Final plans have been revealed for $40 million in park developments around the Grand River in downtown Grand Rapids.

Community leaders shared yesterday final concept plans for River for All, a City of Grand Rapids project, which includes the design of trails and six sites along both sides of the 7.5-mile Grand River stretch between Riverside Park and Millennium Park.

The sites for development include the decommissioned city water department storage yard, Leonard to Ann trail connection, Coldbrook decommissioned water-pumping site, Monroe North district property, Grand Rapids Public Museum and Fish Ladder Park.

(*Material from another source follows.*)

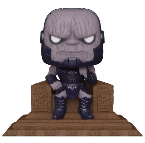 Darkseid est représenté assis sur son trône, incarnant toute sa puissance et son autorité. Le design POP! stylisé capture parfaitement son apparence imposante, son regard menaçant et son statut de souverain d’Apokolips.

The many detailed plans include several decks, river overlooks, meeting spaces, expanded green space throughout and downtown river access.

Several specific plans were shared yesterday: transforming riverside lots at Monroe Avenue NW and Trowbridge Street NW into green space with an event pavilion and river access; extending the river trail from Leonard Street to Ann Street; an amphitheater at the public museum; a logjam-inspired playground at the Coldbrook site; and conversion of the decommissioned storage tank into an event space.

The initiative is in conjunction with plans to restore the rapids in the Grand River.

The final plans are the result of years of work, including public focus groups and input from multiple organizations, including Downtown Grand Rapids Inc., Grand Rapids Whitewater, Grand Rapids Public Museum and the City of Grand Rapids Parks and Recreation department.

Nicole Horst, a principal at Denver-based Wenk Associates, has led development of the design plans and guidelines.

Local firms also working on the plans include Viridis Design Group, FTCH and Williams & Works.

Funding for the planning has come from the City of Grand Rapids and DGRI.

Horst said some of the River for All development would begin during the rapids restoration, which is expected to begin in about a year and last for several years, though it cannot be completed until after the river project is finished.

She said next steps include exploring public-private funding options.

Horst said pieces of the plan, such as building and space conversions, would need to be completed through private investment.

Since rapids restoration is expected to attract more water sports and swimming interest, Horst said local officials are working on overturning the Grand Rapids ordinance that prohibits swimming in the river.